Tommy, I have heard you make the statement that a slight adjustment in drop length (pendulum casting) can help correct for casts that are going a bit left or right. 

Can you give a short explanation as to which way to go with the drop (shorter or longer)
dependng on whether you find the casts going left or right?

For ease of other readers assume a right handed caster. (I've learned to convert righty language to lefty for my own purposes.)

Oh and if I haven't said so elsewhere- Welcome to Pier and Surf. 

THanks, Mark


----------



## Tommy (Jan 24, 2001)

Mark,

If your cast is pretty consistant and with a given weight most casts are landing in the same area then an adjustment in drop length can be used to fine tune the direction of the cast. 

If the drop is shortened by 2-3 inches and all else remains the same then the cast should develop just a little faster and pull the lead left by a few degrees. If the drop is lengthened by a few inches then the opposite should take effect resulting in slower cast development and the sinker flying a few degrees right.

You can also use this technique when switching between leads. Using the 150 as baseline, add 2-4 inches of drop when casting the lighter leads (100-125) and subtract a couple when hitting the 175. 

This only works if all other areas of the cast are consistant. You should NOT try to use this to compensate for bad technique like hitting too early causing a low left line drive.

Does this help Mark??

Tommy


----------



## Mark G (Nov 15, 2004)

Yep, that's kinda what I thought- just wanted to make sure I was thinking along the proper lines.

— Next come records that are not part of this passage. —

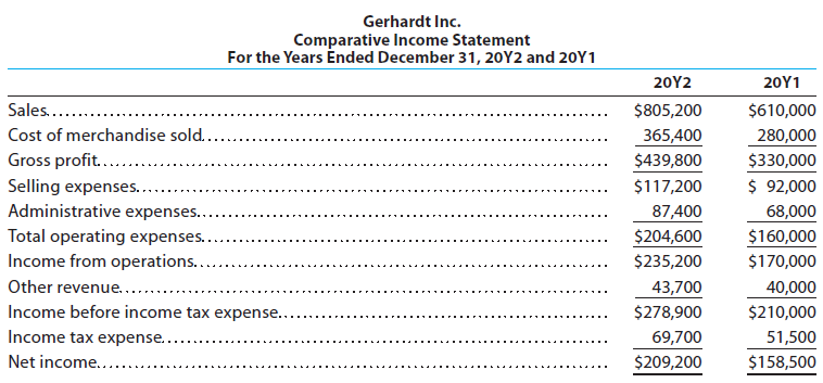 For 20Y2, Gerhardt Inc. reported a significant increase in net income. At the end of the year, John Mayer, the president, is presented with the following condensed comparative income statement: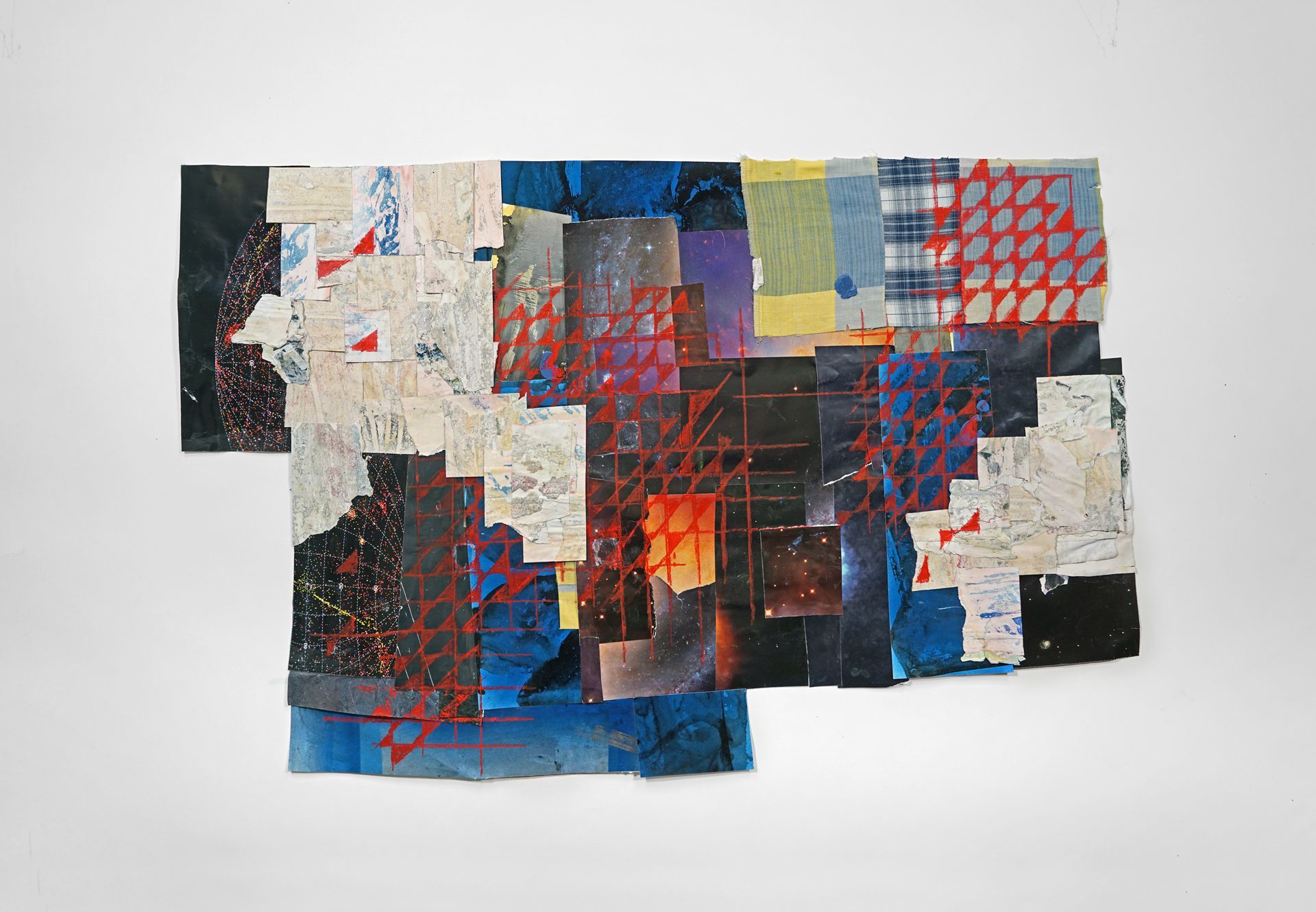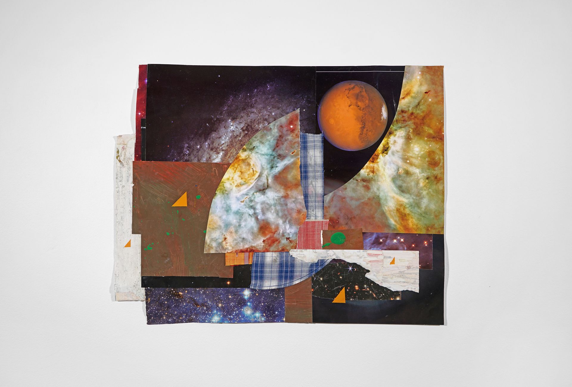 While residing in Rome as an art fellow at the American Academy, I became interested in the Etruscan civilization, concentrating on their visual language, spiritual beliefs, and urban architecture. My studio and accommodation were situated at the American Academy’s Casa Rustica, where astronomer Galileo Galilei exhibited his innovative invention, the telescope, to an attentive audience. During my visit, I encountered these collage-like artworks that suggest potential journeys, cosmologies, and the desire of the lost Black family to find its way home. The pieces appear to encode the tradition of collage alongside a reinterpretation of Black cultural storytelling.
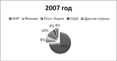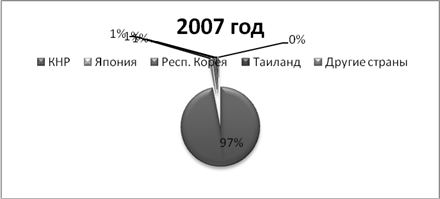 Рисунок 3 – Сравнительная диаграмма показателей въезда иностранных туристов в Приморский край в 2007 г. Рассматривая сравнительную диаграмму показателей въезда иностранных туристов, можно сказать, что большинством являются граждане из КНР. Вообще в 2007г. Приморье посетило около 70 тысяч иностранных туристов. Традиционно большая часть туристов – граждане КНР – более 50 тысяч человек, а также Республики Корея – около 7000человек и Японии (5,5 тысяч человек). Кроме того, возрос въезд туристов из США - на 32, 5%.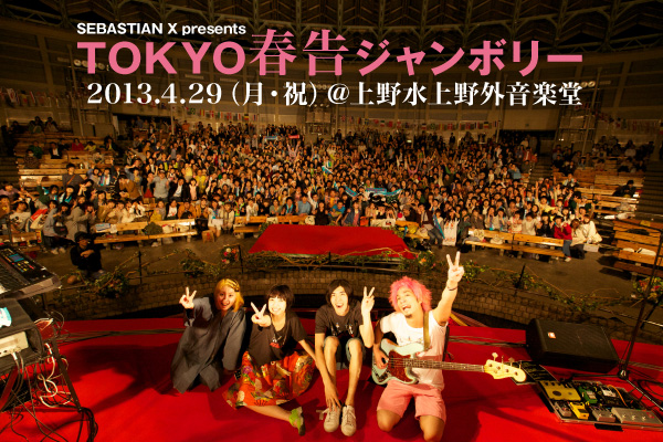 アンコールでは、永原がアコースティック・ステージへ降り立ち新曲「DNA」を披露。8月にアルバムがリリースされること、そしてリリース・ツアーのファイナルが恵比寿LIQUIDROOMで行われることが発表された。着実に活動の規模を増していくSEBASTIAN Xだが、新曲「DNA」はまさに、そんなバンドに相応しいスケール感の大きなメロディとキュートなコーラスが印象的な人間賛歌で、俄然アルバムが楽しみになる。そして、2度目のアンコールで演奏された「ツアー・スターピープル」で、今年の春告ジャンボリーは大団円を迎えた。ライヴが終わると、誰もが笑顔で、しかし名残惜しそうな表情をしながら会場を後にする。誰もが、この日、春告ジャンボリーでの記憶を抱きしめながら、それぞれの毎日へと戻っていく。翌日、また仕事や学校に行かなければ行けない人もいただろう。これから続く日々の中で、今日のような笑顔を浮かべることができない時もあるだろう。だがそれでも、音楽を聴き、隣にいる人と目配せをすることで得られる小さな魔法もある。そんなことを、春告ジャンボリーの存在は教えてくれたように思う。“また来年も来たい!”――私の近くにいた女の子たちは帰り際、こんな風に喋っていた。そう、そうやって毎年、年に1回、この日常に彩を添えてくれるものとして春告ジャンボリーが続いてくれたら、こんなに嬉しいことはない。このイヴェントが東京の春の風物詩になれば、こんなに素敵なことはない。それまで、また私たちはこの日々の中で音楽を聴き、恋をして、喜び、傷つきながら生きていこう。そうしてまた来年の春、少しだけこの現実からはみ出して、大いに飲んで笑えたら最高だ。では、また来年。

I understand this should not be used to compensate for poor technique- just a method to fine tune things once everything else is flowing properly.

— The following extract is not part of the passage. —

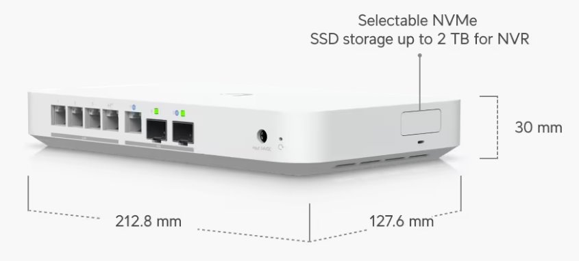 Pomocí integrované aplikace UniFi Network dokážete spravovat až 50+ UniFi zařízení a obsloužit až 500+ připojených klientských zařízení. Pro ukládání video záznamu z kamer je možné router doplnit o NVMe SSD až do velikosti 2TB díky připravenému slotu. Nechybí stavový displej o velikosti 0,96". Napájení je řešeno prostřednictvím napájecího adaptéru 54V/1,1A, napájecí adaptér je součástí balení. Klíčové vlastnosti 5Gbps routing s podporou IDS/IPS Podporované UniFi aplikace: Network, Protect, Access, Talk, Connect Multi-WAN + load balancing 0,96" LCM displej Obsah balení Zařízení Patch kabel Napájecí adaptér 54V/1,1A Konektory a rozhraní Rychlosti WAN:(1) 1/2.5/10Gbps + (1) 10Gbps SFP+ Možnost více WAN:Ano Rychlost LAN:(4) 10/100/1000/2500Mbps Gigabit LAN:Ano Optické rozhraní:(2) 10Gbps Napájení Typ napájení:DC konektor Typy PoE:PoE-Out (pouze) Podporované PoE-Out standardy:802.3af, 802.3at Počet PoE Out portů:1 Max. spotřeba energie [W]:29 Napájení přes konektor/svorkovnici:54V / 1,1A Fyzické charakteristiky Provedení:Desktop Šasi:Plastové Tlačítka:Reset Provozní teplota [°C]:0 až 40 Hmotnost [g]:680 Šířka [mm]:213 Výška [mm]:30 Hloubka [mm]:128 Hardware CPU:ARM Cortex-A73 Frekvence CPU [MHz]:2200 Počet CPU jader:4 Software Podporované VPN:L2TP, IPSec, OpenVPN, WireGuard Předinstalovaný kontroller:UniFi Network, UniFi Protect, UniFi Talk, UniFi Access, UniFi Connect Management:UniFi Network Podpora IPv6:Ano |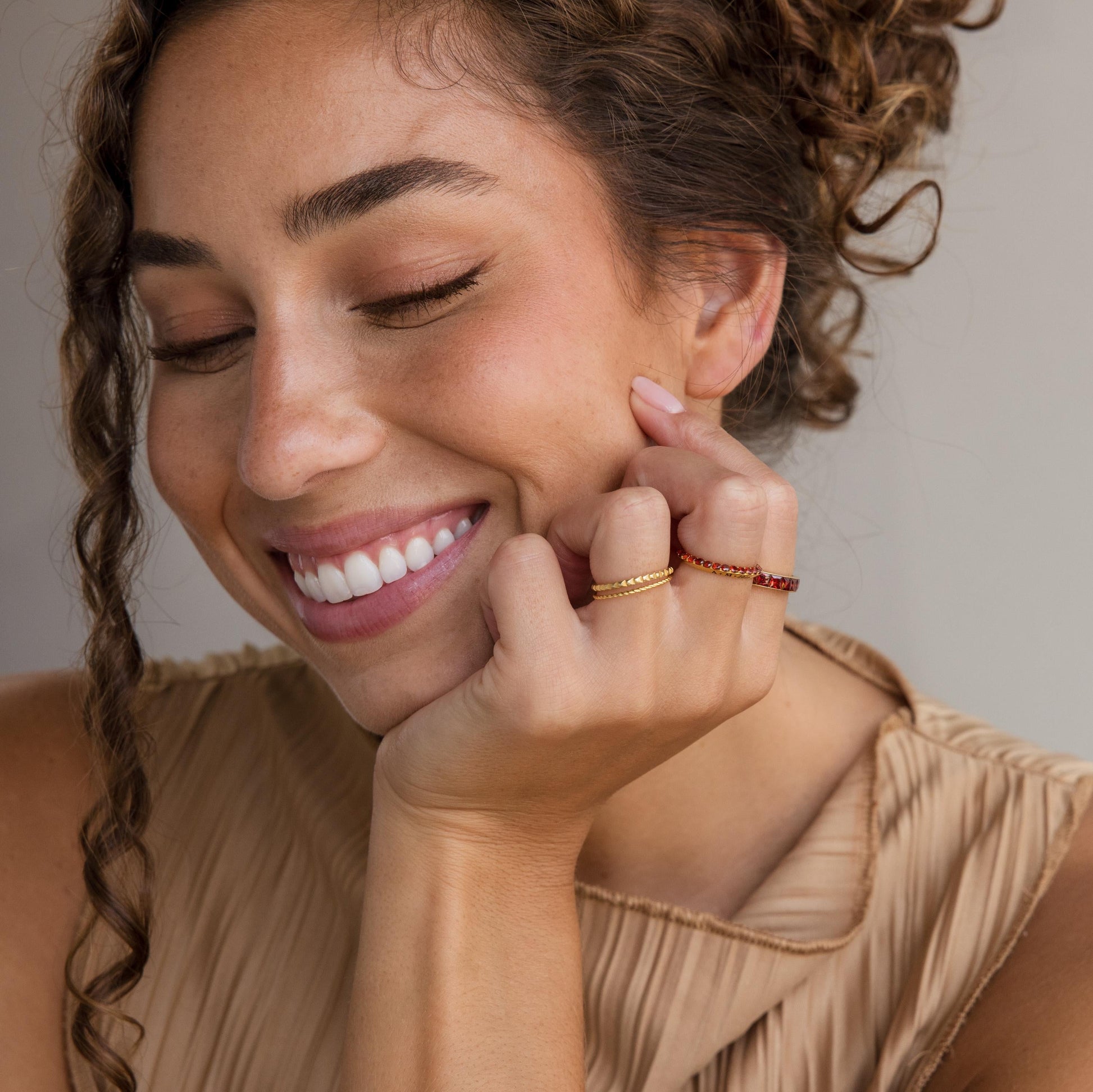 • Model showcases a personalized, statement stacking look, featuring our  and .

BTW- I've been stepping up the violence on my hits the last couple of practice sessions/ while still managing some semblance of control.

Thanks for the added distance  and the sore back and shoulders  LOL


----------



## Tommy (Jan 24, 2001)

Very good Mark. Your technique has improved tremendously since last fall. A little violence on the hit and the numbers will go up!

Tommy


----------



## barty b (Dec 31, 2004)

Tommy..Am I backwards in thinking heavier lead=LONGER drop and SLOWER cast development? I have been LENGTHENING my drop for the 175 by 3 inches over the 150..This allows me to slow down and load the rod deeper..also save the shoulder a little bit from the beast


----------



## Tommy (Jan 24, 2001)

Bart,

For me the heavier weights require less drop. I think of it like this. I consider the 150 the "base" lead. In order to get close to the same feel, adding 4-6" of drop gives the faster moving 125 sinker a farther path or arc to travel. By adding this travel and using the same technique you should theoretically have the lead in the same location when it is time to apply the power. 

125, Faster lead, longer travel = same location
175, Slower lead, shorter travel = same location

Does this make sense??

Tommy


----------



## barty b (Dec 31, 2004)

Yes, Put that way it does make sense.... I think the theory of heavier=longer comes from the fact of loading the rod, the extra force of a heavier sinker needing to load the rod deeper so as to utilize more of the entire rod and less stress in the tip section. This was my interpretation from a conversation on the U.K. Board


----------